Pregunta

I am just curious. I am new here so be please considerate to my somewhat noobish question.

Let's say I am doing android application with image recognition, where all processes even computationally intensive have to happen on the mobile device cpu.

I am at the stage where I have already processed images extracted some features from the image. The set of images comes from only one building where it should recognize particular objects of interest (different windows, pictures, artefacts, outside of building). So it's a closed domain and I can provide enough pictures of objects from different angles. I plan to train Neural Network and provide it to app instead of image matching algorithm.

My idea is to extract keypoints, compute descriptors (using FREAK for keypoints ORB for descriptors) and out of those descriptors I would like to end up with single file or array which would end up something like this

    Desc1  Desc2 Desc3 Desc4 DescN......... Class
_________________________________________________________________________________
Picture 1     0.121  0.923 0.553 0.22  0.28           "object1" 
Picture 2     0.22    0.53  0.54 0.55  0.32 .........."object1" (different scale, angle)
Picture 3     ....    ...    ...   ...  ..   .........."object2"
Picture N
Picture N+1

so I can give it to neural network for training, however I got stuck as I have no idea how is the binary feature/descriptor represented in the Matrice(Class Mat - openCV). and how would I go on normalising these binary descriptors, so I can feed it to Neural Net(Multi-Layer Perceptron) for training. (even pseudo-code would help greatly)

¿Fue útil?

Solución

I can not give a complete answer to your question, because I'm not familiar with Neuronal Networks, but I can give you some ideas about ORB descriptors binary representation.

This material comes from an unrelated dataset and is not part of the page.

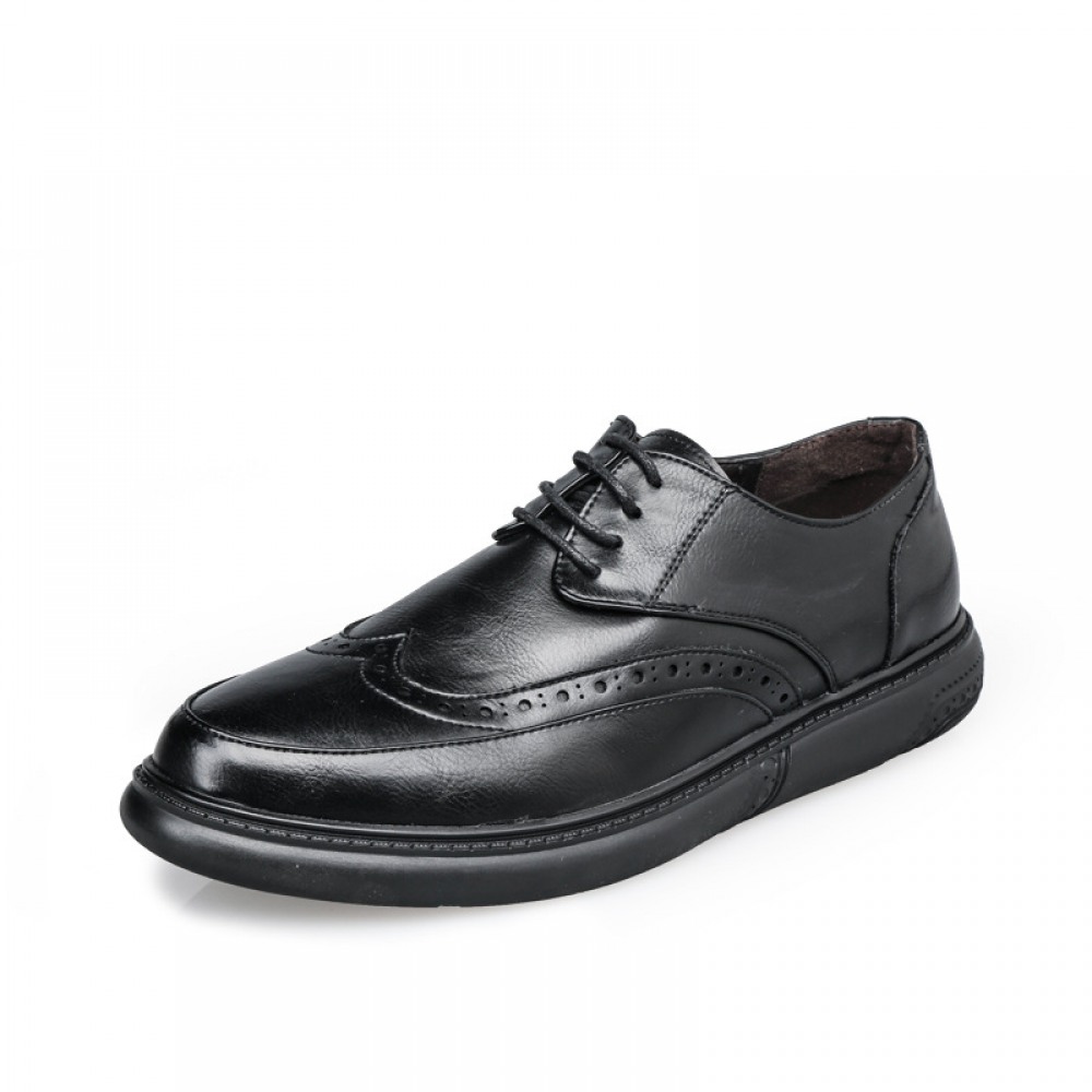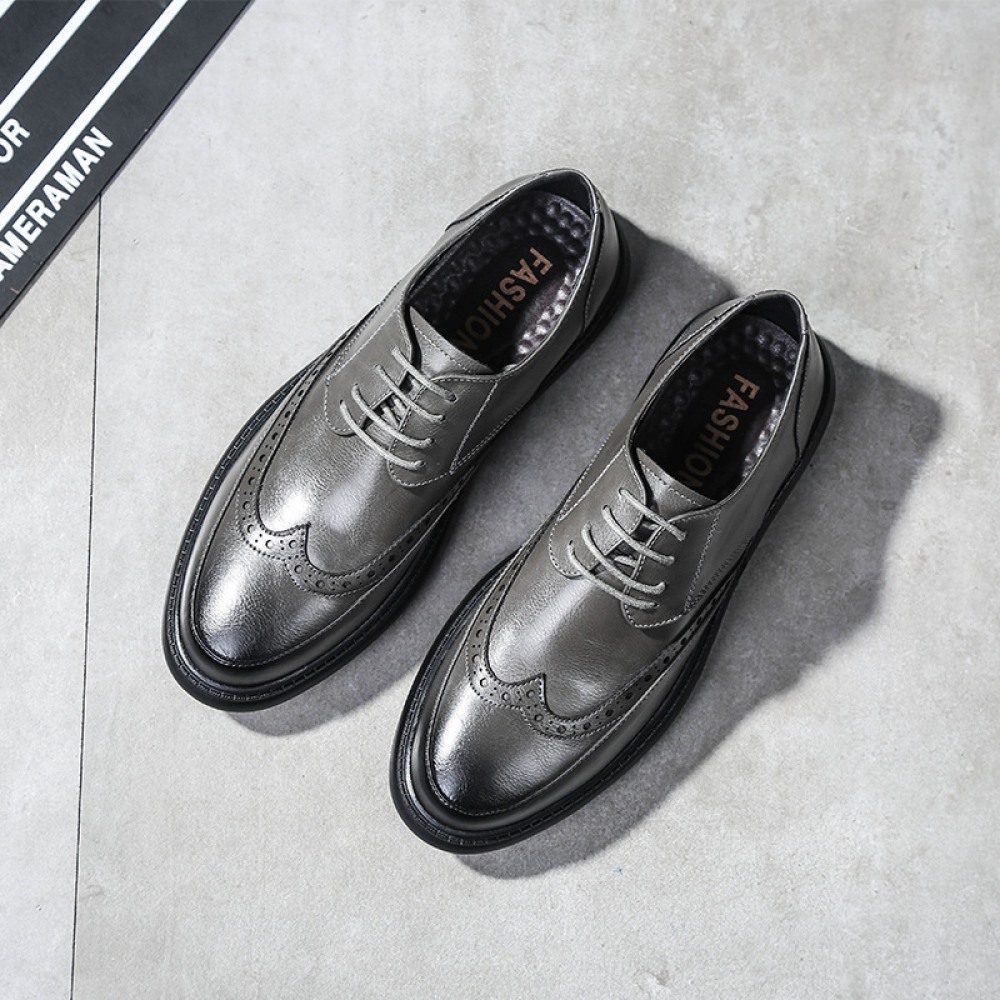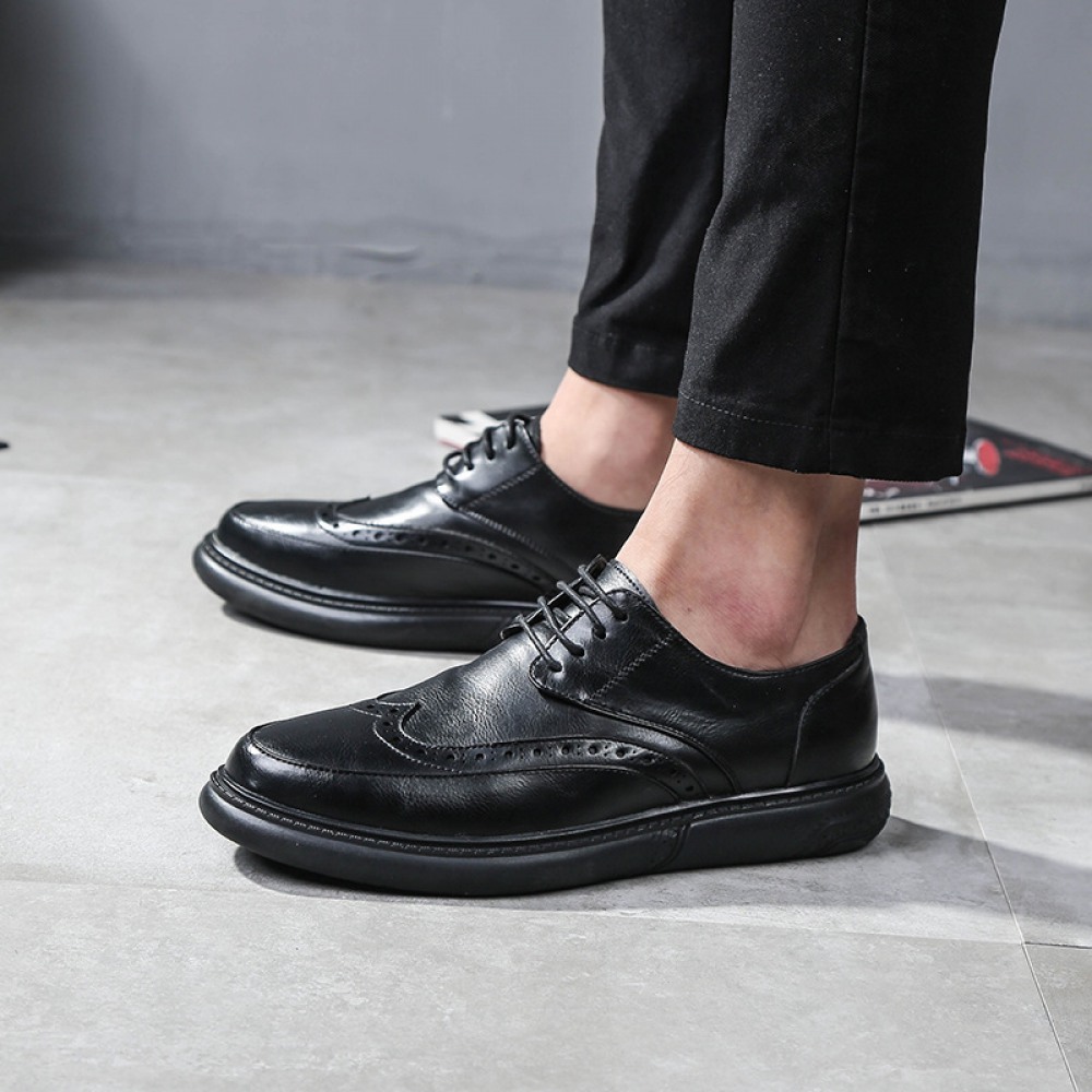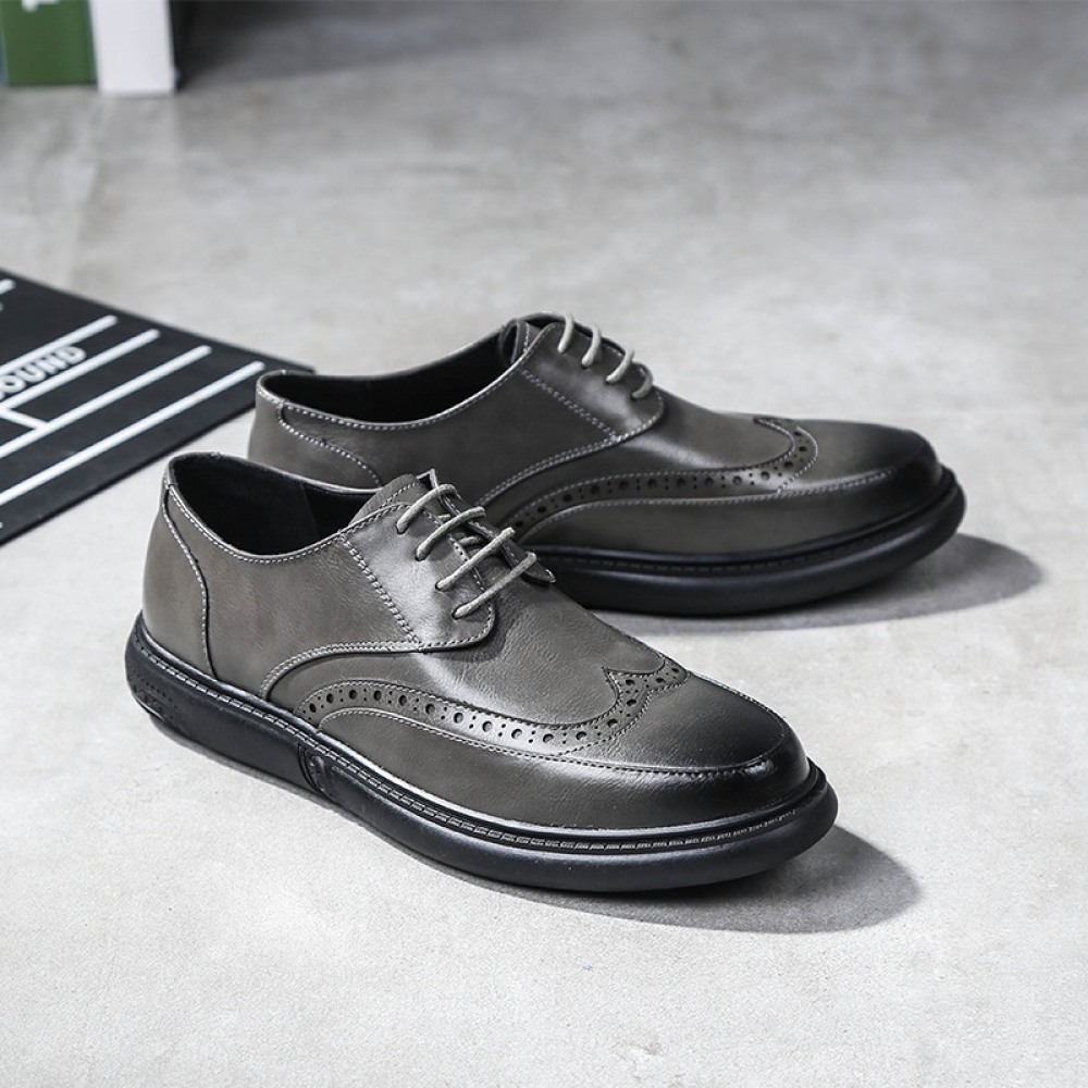 New Men's Casual Leather Shoe Round Toe Lace-Up Breathable Trend Shoes

  1. When you are detecting keypoints you can't do it with FREAK. But as FREAK paper describes you should detect keypoints with FAST corner detector and then describe it with FREAK. If you want to recognize objects by ORB descriptors, you should use ORB for both, for keypoint detection and for description. Note that ORB keypoint detection is also can be based on FAST. You can change it by altering parameter of scoreType from OpenCV documentation. As you using android, you can set this parameter as described here

  2. About binary string descriptors. I also needed them to implement descriptor matcher with MySQL query. As Mat in OpenCV-java has only double descriptor representation, I've implemented the method to transform them to binary. For this purpose, the Mat of descriptors should be transformed to List<Double>. And you can use my function to obtain binary representation of descriptors. The function will return the List<String>.

Here is the code:

public static List<String> descriptorToBinary(List<Double> desc){

    List<String> binary_desc = new ArrayList<String>();

    String desc_bin= "";
    for(int i = 0; i < desc.size(); i++){

        String binary_str_tmp = Integer.toBinaryString((int)((double)desc.get(i)));
        if (binary_str_tmp.length() < 16)
        {
            int number_of_zeros = 16 - binary_str_tmp.length();
            String str_tmp = "";
            for(int t = 0; t < number_of_zeros; t++){
                str_tmp += "0";
            }
            binary_str_tmp = str_tmp + binary_str_tmp;
        }

        desc_bin+= binary_str_tmp;
        binary_desc.add(final_binary_str);

    }

    return binary_desc;

}

The returned list of strings will have the same size as list of MatOfKeyPoint if you will transform it to List<KeyPoint>

So how did I verified if these descriptors are correct:

  1. I've matched original Mat descriptors with Bruteforce Hamming matcher as was said in ORB paper
  2. I've registered the distances returned by matcher.
  3. Then I've calculated distances distances between String descriptors of the same image.
  4. Verified if opencv's Hamming distances were the same as distances between String descriptors. They were the same, so conversion from Mat to List was well performed.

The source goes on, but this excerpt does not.